= Nenad Trinajstić =

Croatian chemist (1936–2021)

Nenad Trinajstić (26 October 1936 – 27 August 2021) was a Croatian chemist and one of pioneers of the chemical graph theory.

==Life and work==
Trinajstić was born in Zagreb. He received M.Sc. and D.Sc. degrees from the University of Zagreb based on work done at the University of Sheffield under John Murrell. His doctoral advisor was Milan Randić. From 1968 to 1970 he was a Postdoctoral fellow under Michael J. S. Dewar at the University of Texas, Austin with whom he has published 16 papers.
He worked at Pliva and Ruđer Bošković Institute eventually becoming a full research professor in 1977 and from 2001 professor emeritus at the University of Zagreb.

His scientific interests are quantum chemistry, mathematical chemistry, chemoinformatics, history of chemistry and philosophy of natural science. He wrote the first monograph on chemical graph theory and introduced several molecular descriptors such as 3-dimensional Wiener index and Zagreb indices (with Ivan Gutman), which are among the more studied topological indices. Independently of Jun-ichi Aihara, he introduced topological resonance energy as a reliable theory of aromaticity. In quantum chemistry he worked on semi-empirical molecular orbital theory and settling conjugated-circuit model on a firm quantum-mechanical basis. Trinajstić has published more than 500 scientific papers, about 150 technical papers and 12 books.

He was a full member of Croatian Academy of Arts and Sciences, a member of International Academy of Mathematical Chemistry and was awarded the Mid–America State Universities Association Distinguished Foreign Scholar Award in 1986 and Croatian National Science Award in 2003.

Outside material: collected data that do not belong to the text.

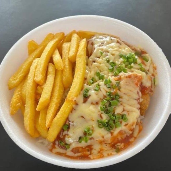 Acompanha: Arroz Branco, Batata frita, Filé de frango com molho caseiro, evas finas e musarela.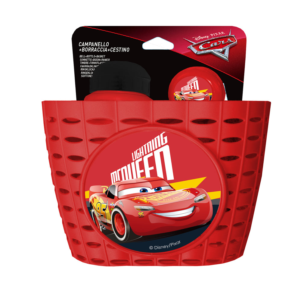 Ensemble panier à bouteille d'eau et sonnette de vélo sous licence Disney Cars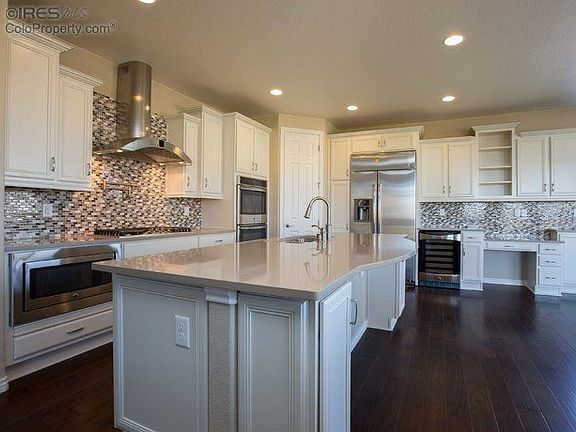 Beautiful white cabinets with crown molding give this home a wonderful flair - the gourmet kitchen is complete with GE stainless double oven, refrigerator, beverage refrigerator, 5-burner gas cooktop, & pot filler. What a great home for entertaining friends and family! Full landscaping, solar shingles and 2/10 builder warranty! Bucking Horse is an amenity filled neighborhood with artisan shops and pool/clubhouse. Don't miss out on this great value! DR Horton is the 2105 Builder of the Year!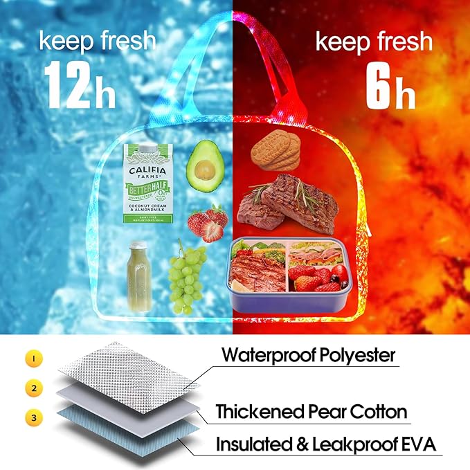 - MULTIFUNCTIONAL DESIGN: Daily lunch bag, grocery bag, cooler bag, shopping bag, picnic bag and cosmetic bag, suitable for kids, adults, students, office workers, men and women. Stylish lunch box suitable for various occasions including school, office, work, travel, picnic, outdoor beach and at the outside.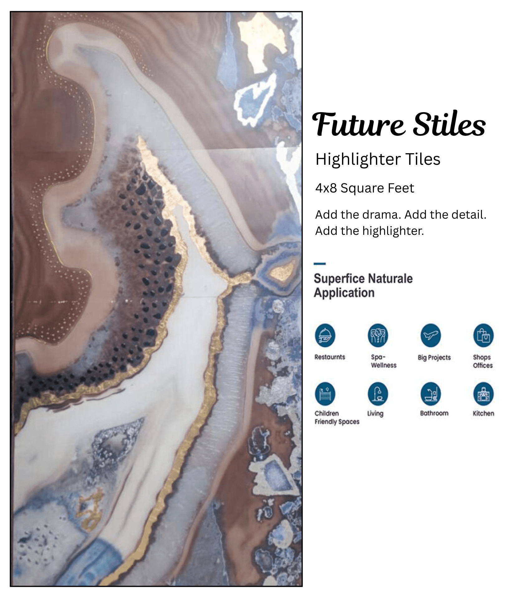 The highlighter tiles with gold accents make spaces look sleek and more regal. The gold, metallic shimmer is perfect for more sophisticated spaces like living rooms, dining rooms, and spa-like bathrooms. These tiles make your room look richer and more opulent, while also enhancing the brightness of the room with the reflective surface. Visit Future Stiles to appreciate and create designs that reflect your bold style and artistic charm.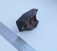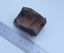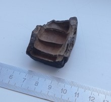 Нашел этот предмет в лесу, в песках, недалеко от берега реки. Сначала принял его за окаменелость. Потом за оплавленную деталь от машины. Потом решил, что он не похож ни на то, ни на другое. Материал плотный, больше всего напоминает керамику, но тяжелее её. Немного крошится, но достаточно крепкий. Вероятно это обломок, примерно одна треть, какого-то пустотелого предмета с двойными перегородками внутри.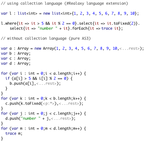 Well, let's introduce the Collections AS3 language extension that is available in RASE Beta 10, build 8177+.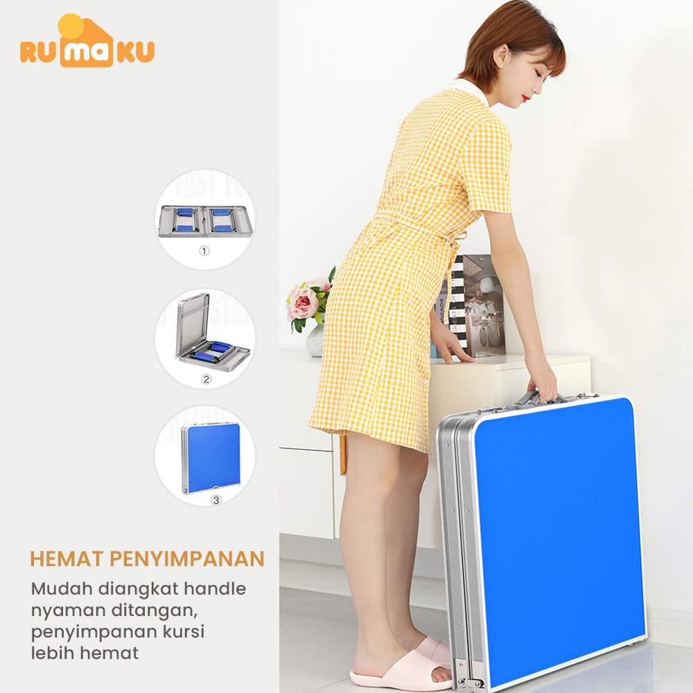 RUMAKU Meja Lipat Jualan Outdoor Piknik Camping Foldable Desk Portable Model Koper Free 2 Kursi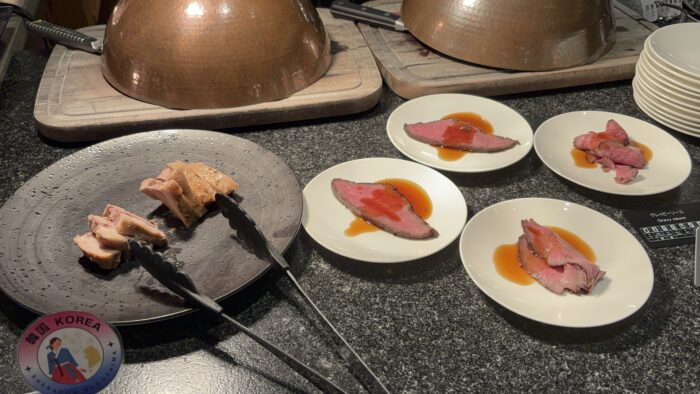 お寿司や目の前でカットしてくれるローストビーフなどもあり、満足感のある夕食でした。

Trinajstić died on 27 August 2021 at the age of 85.

==Selected publications==
- A. Graovac (1972). "Graph theory and molecular orbitals: Application of Sachs theorem"
- I. Gutman (1972). "Graph theory and molecular orbitals. Total φ-electron energy of alternant hydrocarbons"
- I. Gutman (1975). "Topological Definition of Resonance Energy"
- I. Gutman (1975). "Graph theory and molecular orbitals. XII. Acyclic polyenes"
- D. Bonchev (1977). "Information theory, distance matrix, and molecular branching"
- I. Gutman (1977). "Graph Theory and Molecular Orbitals. XIX. Non–Parametric Resonance Energies of Arbitrary Conjugated Systems"
- D. Bonchev (1981). "Isomer discrimination by topological information approach"
- N. Trinajstic. Chemical Graph Theory. Vols. 1,2. CRC Press: Boca Raton, Florida, 1983; 2nd Ed. 1992.
- Z. Mihalić (1992). "A graph-theoretical approach to structure-property relationships"
- D. Plavšić (1993). "On the Harary index for the characterization of chemical graphs"
- D. Amić (2003). "Structure-Radical Scavenging Activity Relationships of Flavonoids"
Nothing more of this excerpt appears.